Pathophysiology ARDS is the end result of acute alveolar injury caused by
a variety of insults and probably initiated by different mechanisms. The
initial injury is to either the capillary endothelium or alveolar
epithelium. There is increased capillary permeability, Organization and
scarring follows. The capillary defect is produced by an interaction
of inflammatory cells and mediators, including leukocytes, cytokines,
oxygen radicals, complement and arachidonate metabolites, that damages the
endothelium and allows fluid and proteins to leak. Endotoxin, neutrophils
and macrophages may also play key roles in the pathogenesis of ARDS.
ARDS results from widespread acute injury to the alveolar capillary
membrane. This produces high permeability edema, visible on the chest
x-ray. It also inhibits surfactant function (especially fibrin monomers).
Epithelial injury also impairs new surfactant synthesis. Inflammation
may exacerbate the injury because of release of oxidants and lysosomal
enzymes from activated leukocytes. Lung compliance (delta V) / (delta
P) is decreased because many airspace?s contain edema (and hence cannot
accept air) and because abnormally high surface tension counteracts the
negative intrapleural pressure.
Causes, incidence, and risk factors: ARDS is a medical emergency. It may
be caused by a variety of conditions that directly or indirectly cause
the blood vessels to “leak” fluid into the lungs. The ability of the
lungs to expand is severely decreased and damage to the air sacs and
lining (endothelium) of the lung is extensive. Blood concentration of
oxygen remains very low in spite of high concentrations of supplemental
oxygen given to the patient. Systemic causes of lung injury include
trauma, head injury, shock, sepsis, multiple blood transfusions,
and medications. Pulmonary causes include pulmonary embolism, severe
pneumonia, smoke inhalation, radiation, high altitude, near drowning,
and more. Symptoms usually develop within 24 to 48 hours of the injury
or illness. Cigarette smoking may be a risk factor. The incidence is 1
out of 100,000 people.
ARDS is commonly precipitated by trauma, sepsis (systemic infection),
diffuse pneumonia and shock. It may be associated with extensive surgery,
and certain blood abnormalities. Less common causes include drowning
and inhalation of toxic gases. In half the cases, onset occurs within
24 hours of the original illness or injury; in nearly all, it occurs
within three days.
Prognosis / Mortality The death rate estimates a range from 30-70%
Although survivors usually recover normal lung function, some
individuals may suffer permanent lung damage, which can range from mild to
severe. Recent data suggests that on average more than 40 percent die from
ARDS. This data accounts for direct deaths resulting from not recovering
from ARDS. The data does not account for deaths among survivors which
may be causally related due to medical conditions arising or effected
by the encounter with ARDS.
Since ARDS was first described in 1967, the prognosis has
improved slightly despite rapid advancements in medical science and
technology. Statistical data reveals that approximately one half of
who develop ARDS each year will survive in the United States and other
countries which have well trained medical personnel and facilities for
treating ARDS patients.
Younger people and those who have fewer chronic health problems are more
likely to recover. It is known that people with a milder form of ARDS
tend to have a better chance of recovering than those with a more severe
form of the illness. It is also known that the cause of a patient’s
ARDS helps predict that patient’s chances for survival. For example,
patients who develop ARDS due to sepsis usually do not do as well as
patients whose ARDS is related to trauma. Finally, those patients who
do survive after developing ARDS usually improve over several months
with a return to normal or near normal lung function.

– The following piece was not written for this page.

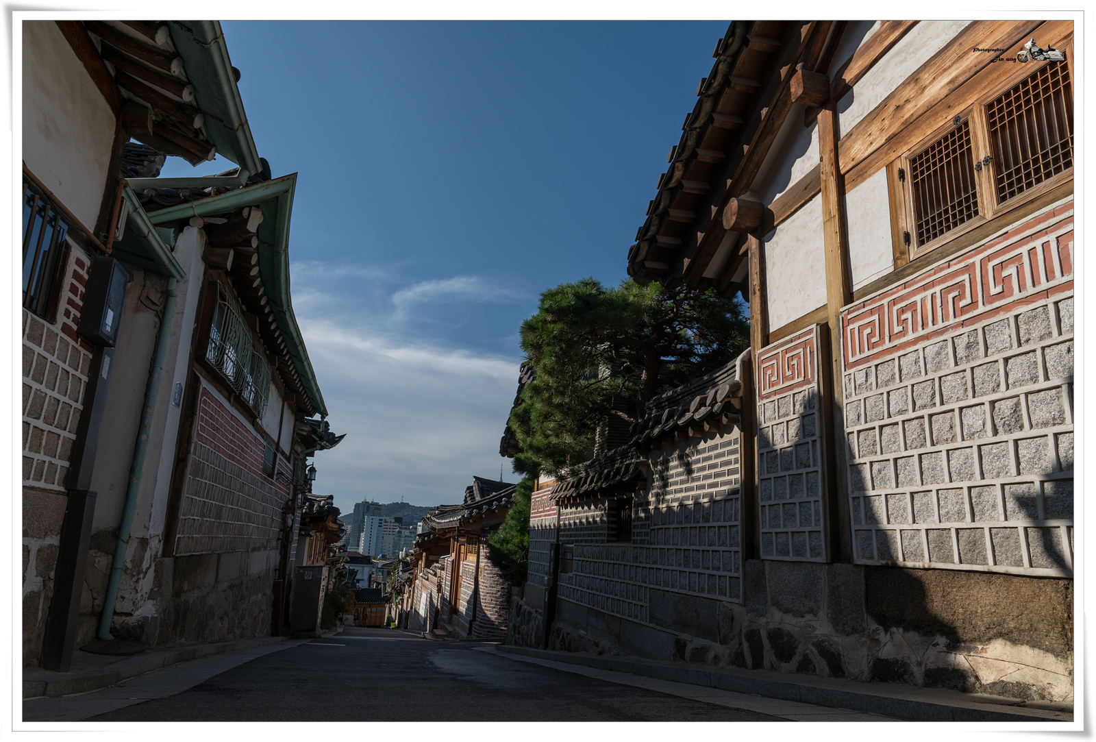 북촌 한옥마을 유명한 골목..한쪽은 공사중이고 다른 골목도 이른 아침이라 거주하는 분들의 자가용이 서 있어서

? No measures to prevent ARDS are presently known.
? labored, rapid breathing
? nasal flaring
? cyanosis blue skin, lips, and nails caused by lack of oxygen to the tissues
? breathing difficulty
? anxiety, stress, and tension
Additional symptoms that may be associated with this disease:
? joint stiffness
? joint pain
? breathing, absent temporarily
Signs and tests:
? Chest auscultation (examination with a stethoscope) reveals abnormal breath sounds.
Tests used in the diagnosis of ARDS include:
? chest X-ray
? arterial blood gas
? The objective of treatment is to provide compensation for the severe
dysfunction of the respiratory system and treat the underlying cause of
the lung injury.
? Oxygen is used to treat hypoxia, often at high concentrations (100%
oxygen concentration may be needed).
? Intubation, passing a tube through the nose or the mouth into the
trachea (airway), is often necessary. Mechanical ventilation or a
respirator (a machine used to aid the breathing) is usually necessary for
further support of the respiratory system. This treatment is continued
until gradual weaning from the mechanism is tolerated.

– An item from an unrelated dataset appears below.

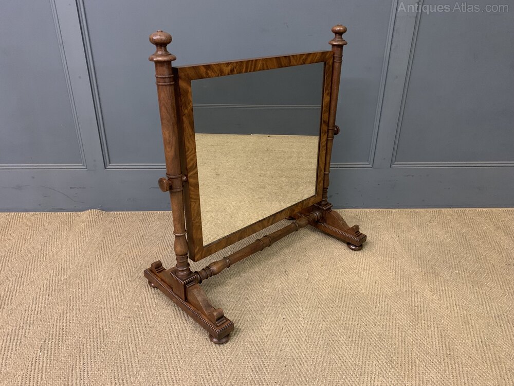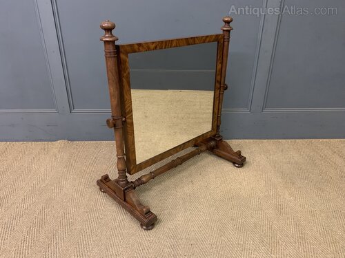 An excellent George IV period mahogany toilet mirror attributed to Gillows of Lancaster. Very well constructed in solid mahogany and mahogany veneers. The rectangular mirror is adjustable in terms of rake, it sits firmly in place once set. Offered for sale in very good original condition, ready to go straight into the home.Dimensions:

? Medications may be indicated to treat infections, reduce inflammation,
and eliminate fluid within the lungs.
? The stress of illness can often be helped by joining support groups
where members share common experiences and problems. See lung disease -
Treatment for ARDS consists of mechanical ventilation along with
fluid removal and a supportive breathing technique called positive end
expiratory pressure (PEEP). These are combined with continuing treatment
of the precipitating illness or injury. There are many experimental
therapies that show promise for the treatment of ARDS. These include
replacement surfactant and the use of anti-inflammatory agents.

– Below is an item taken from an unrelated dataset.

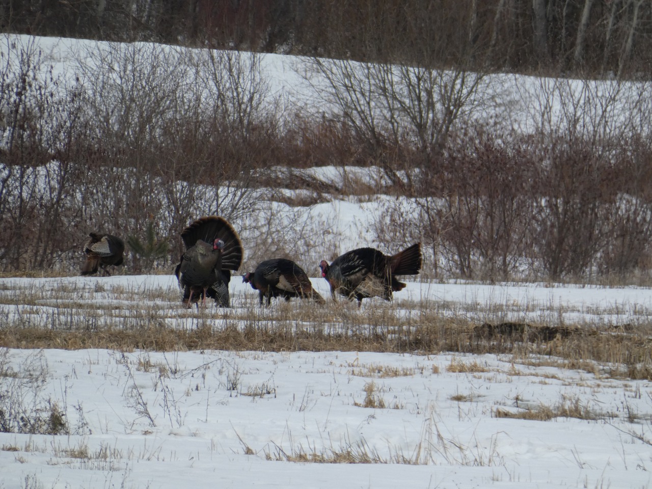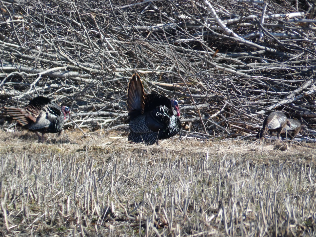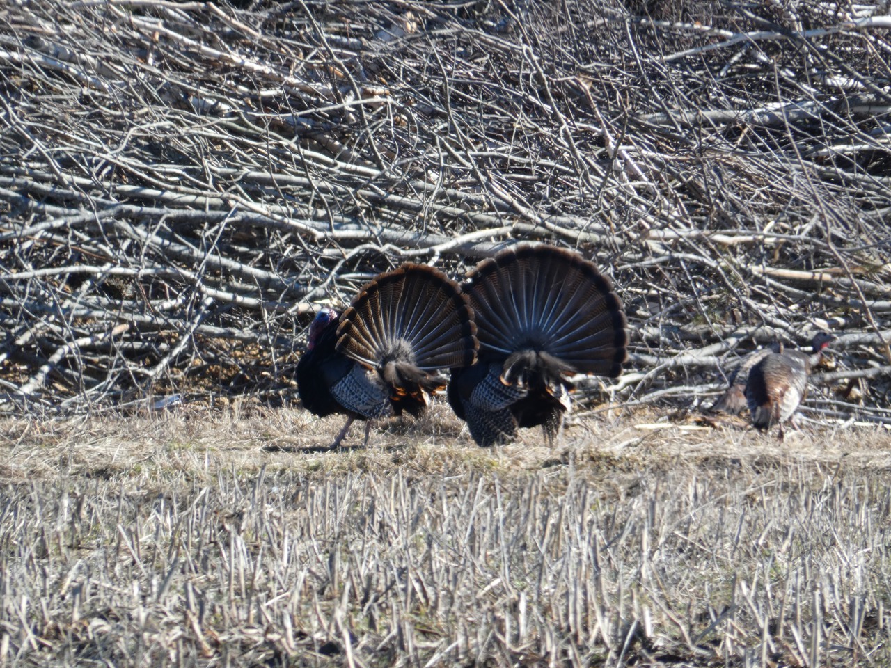 On voit des centaines de cerf de Virginie, des dizaines de dindons avec des parades nuptiales ou les dindons font la roue pour charmer leurs belles. Il y a des rapaces partout, des bandes de bernaches crient en tous sens, on voit de plus en plus d’espèces d’oiseaux.

? multiple organ system failures
Calling your health care provider:
? If breathing difficulty or other symptoms of ARDS develop call the
local emergency number (such as 999) or go to the emergency room.
injuries that have in common the activation of the complement system.
? The first well-described cause of ARDS was traumatic shock sustained
after non-thoracic injury (shock lung).
? ARDS is a clinical syndrome characterized by the sudden onset of severe
shortness of breath, tachycardia, and profound hypoxia refractory to
oxygen therapy. Some degree of pulmonary edema is present on chest X-ray.
? Common causes of ARDS include: septic shock, traumatic shock, diffuse
viral pneumonia?s, oxygen therapy toxicity, inhaled toxins and irritants,
narcotic overdose, hypersensitivity reactions to organic solvents,
cardiac surgery with an extracorporeal pump and aspiration pneumonitis.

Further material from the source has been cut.